▶ [HOW TO COMPLETE THIS TASK] Exactly the lines starting at the line containing "また、現中計の配当方針は、実" and ending at the line containing "told Love Meow." are to be written out from the listing below, both included.

^^^^^^^^^^^^^^^^

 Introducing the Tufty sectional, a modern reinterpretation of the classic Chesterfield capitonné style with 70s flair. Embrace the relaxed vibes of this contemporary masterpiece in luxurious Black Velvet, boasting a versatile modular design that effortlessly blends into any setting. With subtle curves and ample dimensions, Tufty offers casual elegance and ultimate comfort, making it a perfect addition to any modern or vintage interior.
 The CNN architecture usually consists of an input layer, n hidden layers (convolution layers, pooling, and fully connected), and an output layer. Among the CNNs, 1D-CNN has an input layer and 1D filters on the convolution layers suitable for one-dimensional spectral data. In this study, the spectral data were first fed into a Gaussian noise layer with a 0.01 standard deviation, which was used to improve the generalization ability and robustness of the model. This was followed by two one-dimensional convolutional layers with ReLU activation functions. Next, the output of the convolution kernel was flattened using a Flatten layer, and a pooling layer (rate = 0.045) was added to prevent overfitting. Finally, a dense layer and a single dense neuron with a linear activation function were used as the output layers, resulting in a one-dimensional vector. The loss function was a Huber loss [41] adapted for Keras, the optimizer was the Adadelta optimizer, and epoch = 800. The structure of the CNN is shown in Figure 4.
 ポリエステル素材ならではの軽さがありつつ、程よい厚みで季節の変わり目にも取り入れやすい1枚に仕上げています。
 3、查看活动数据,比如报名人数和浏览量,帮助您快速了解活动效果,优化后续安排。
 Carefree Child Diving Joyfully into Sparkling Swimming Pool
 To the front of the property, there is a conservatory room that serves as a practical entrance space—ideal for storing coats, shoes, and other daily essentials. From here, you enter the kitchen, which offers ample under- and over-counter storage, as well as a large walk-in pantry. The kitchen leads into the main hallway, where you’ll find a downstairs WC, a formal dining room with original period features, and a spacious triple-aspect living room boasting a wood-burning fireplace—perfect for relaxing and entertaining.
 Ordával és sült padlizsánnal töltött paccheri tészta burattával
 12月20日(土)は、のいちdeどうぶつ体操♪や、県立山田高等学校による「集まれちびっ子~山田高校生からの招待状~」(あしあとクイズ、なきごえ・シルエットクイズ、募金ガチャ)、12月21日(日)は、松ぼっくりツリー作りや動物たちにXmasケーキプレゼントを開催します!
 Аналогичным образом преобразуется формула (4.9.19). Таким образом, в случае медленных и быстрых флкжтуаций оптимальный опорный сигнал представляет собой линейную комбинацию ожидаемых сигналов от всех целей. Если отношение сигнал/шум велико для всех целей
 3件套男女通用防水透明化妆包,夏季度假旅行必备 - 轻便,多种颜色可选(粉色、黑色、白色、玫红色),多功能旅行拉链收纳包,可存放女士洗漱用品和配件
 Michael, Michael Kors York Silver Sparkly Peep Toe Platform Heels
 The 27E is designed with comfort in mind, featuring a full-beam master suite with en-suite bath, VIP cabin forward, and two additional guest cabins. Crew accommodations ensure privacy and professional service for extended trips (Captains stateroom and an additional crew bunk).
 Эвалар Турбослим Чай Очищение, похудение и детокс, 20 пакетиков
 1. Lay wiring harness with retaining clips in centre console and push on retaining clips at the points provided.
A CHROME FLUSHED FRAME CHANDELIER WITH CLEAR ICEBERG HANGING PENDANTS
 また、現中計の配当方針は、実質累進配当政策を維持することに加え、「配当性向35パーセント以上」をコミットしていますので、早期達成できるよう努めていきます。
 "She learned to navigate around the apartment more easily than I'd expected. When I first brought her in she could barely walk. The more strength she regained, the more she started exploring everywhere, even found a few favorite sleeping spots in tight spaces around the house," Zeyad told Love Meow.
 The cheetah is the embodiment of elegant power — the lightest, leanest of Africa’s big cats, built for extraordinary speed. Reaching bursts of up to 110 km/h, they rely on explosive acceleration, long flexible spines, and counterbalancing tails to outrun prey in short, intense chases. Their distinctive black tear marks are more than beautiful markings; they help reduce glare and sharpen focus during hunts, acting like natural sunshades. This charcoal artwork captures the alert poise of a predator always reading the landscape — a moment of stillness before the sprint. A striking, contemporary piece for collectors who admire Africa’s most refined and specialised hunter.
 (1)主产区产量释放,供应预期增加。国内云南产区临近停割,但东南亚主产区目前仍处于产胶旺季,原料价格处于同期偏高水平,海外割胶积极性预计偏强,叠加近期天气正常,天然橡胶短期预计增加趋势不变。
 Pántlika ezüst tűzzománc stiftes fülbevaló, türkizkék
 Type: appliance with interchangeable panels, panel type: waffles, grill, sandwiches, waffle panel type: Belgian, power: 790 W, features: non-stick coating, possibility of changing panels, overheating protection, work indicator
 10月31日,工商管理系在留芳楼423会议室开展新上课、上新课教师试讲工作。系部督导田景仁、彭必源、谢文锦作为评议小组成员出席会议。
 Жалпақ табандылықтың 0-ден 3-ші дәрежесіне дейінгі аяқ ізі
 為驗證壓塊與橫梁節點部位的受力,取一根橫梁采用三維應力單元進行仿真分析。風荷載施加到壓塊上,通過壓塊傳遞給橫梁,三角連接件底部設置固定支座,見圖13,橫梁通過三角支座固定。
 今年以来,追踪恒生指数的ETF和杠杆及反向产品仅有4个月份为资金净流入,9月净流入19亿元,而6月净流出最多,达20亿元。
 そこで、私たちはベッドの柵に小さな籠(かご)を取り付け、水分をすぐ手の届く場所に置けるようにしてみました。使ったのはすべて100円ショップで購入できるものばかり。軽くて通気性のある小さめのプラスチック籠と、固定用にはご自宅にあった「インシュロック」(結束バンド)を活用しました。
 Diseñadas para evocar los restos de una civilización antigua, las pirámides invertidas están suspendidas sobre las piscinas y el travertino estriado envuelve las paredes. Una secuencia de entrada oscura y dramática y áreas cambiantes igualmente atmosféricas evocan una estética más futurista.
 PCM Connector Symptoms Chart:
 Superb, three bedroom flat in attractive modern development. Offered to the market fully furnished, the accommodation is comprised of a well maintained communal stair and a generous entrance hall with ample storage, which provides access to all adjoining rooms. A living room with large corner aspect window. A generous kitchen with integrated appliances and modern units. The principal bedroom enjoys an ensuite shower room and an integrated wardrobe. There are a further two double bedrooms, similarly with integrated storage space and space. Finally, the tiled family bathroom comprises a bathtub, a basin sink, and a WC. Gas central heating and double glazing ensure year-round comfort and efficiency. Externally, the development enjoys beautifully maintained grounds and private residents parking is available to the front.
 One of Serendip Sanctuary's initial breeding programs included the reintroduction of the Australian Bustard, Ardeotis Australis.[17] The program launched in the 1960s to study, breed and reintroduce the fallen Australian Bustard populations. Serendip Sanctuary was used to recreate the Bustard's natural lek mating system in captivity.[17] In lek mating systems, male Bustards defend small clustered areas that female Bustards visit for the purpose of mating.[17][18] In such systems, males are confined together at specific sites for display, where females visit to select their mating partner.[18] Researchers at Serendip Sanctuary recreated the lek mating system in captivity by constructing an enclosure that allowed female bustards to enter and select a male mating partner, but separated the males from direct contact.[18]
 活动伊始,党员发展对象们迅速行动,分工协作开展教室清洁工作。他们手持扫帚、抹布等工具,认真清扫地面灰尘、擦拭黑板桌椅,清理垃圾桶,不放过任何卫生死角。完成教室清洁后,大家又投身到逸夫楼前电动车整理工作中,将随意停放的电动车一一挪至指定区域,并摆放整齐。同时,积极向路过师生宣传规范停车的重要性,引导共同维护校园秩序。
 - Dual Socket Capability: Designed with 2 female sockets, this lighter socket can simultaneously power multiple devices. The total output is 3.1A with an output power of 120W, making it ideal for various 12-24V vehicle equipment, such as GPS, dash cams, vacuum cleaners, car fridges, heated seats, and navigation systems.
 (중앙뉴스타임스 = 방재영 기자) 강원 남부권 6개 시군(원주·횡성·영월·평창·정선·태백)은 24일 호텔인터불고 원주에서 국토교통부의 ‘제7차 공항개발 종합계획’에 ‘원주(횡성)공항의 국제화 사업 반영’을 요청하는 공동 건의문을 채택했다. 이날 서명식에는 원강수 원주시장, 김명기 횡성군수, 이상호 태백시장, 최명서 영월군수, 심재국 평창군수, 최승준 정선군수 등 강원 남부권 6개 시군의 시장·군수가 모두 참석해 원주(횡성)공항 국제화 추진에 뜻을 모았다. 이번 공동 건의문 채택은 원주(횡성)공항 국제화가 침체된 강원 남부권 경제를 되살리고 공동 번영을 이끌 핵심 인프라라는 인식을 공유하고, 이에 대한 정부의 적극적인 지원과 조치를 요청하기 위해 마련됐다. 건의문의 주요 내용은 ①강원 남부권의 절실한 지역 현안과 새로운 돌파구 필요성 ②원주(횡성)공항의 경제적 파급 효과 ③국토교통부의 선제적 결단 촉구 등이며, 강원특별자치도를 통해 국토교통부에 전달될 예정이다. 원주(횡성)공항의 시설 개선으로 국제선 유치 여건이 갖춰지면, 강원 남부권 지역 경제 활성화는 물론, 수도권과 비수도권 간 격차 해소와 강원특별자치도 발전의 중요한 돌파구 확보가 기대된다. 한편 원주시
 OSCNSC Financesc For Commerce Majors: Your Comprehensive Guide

^^^^^^^^^^^^^^^^

▶ [YOUR RESPONSE]
 また、現中計の配当方針は、実質累進配当政策を維持することに加え、「配当性向35パーセント以上」をコミットしていますので、早期達成できるよう努めていきます。
 "She learned to navigate around the apartment more easily than I'd expected. When I first brought her in she could barely walk. The more strength she regained, the more she started exploring everywhere, even found a few favorite sleeping spots in tight spaces around the house," Zeyad told Love Meow.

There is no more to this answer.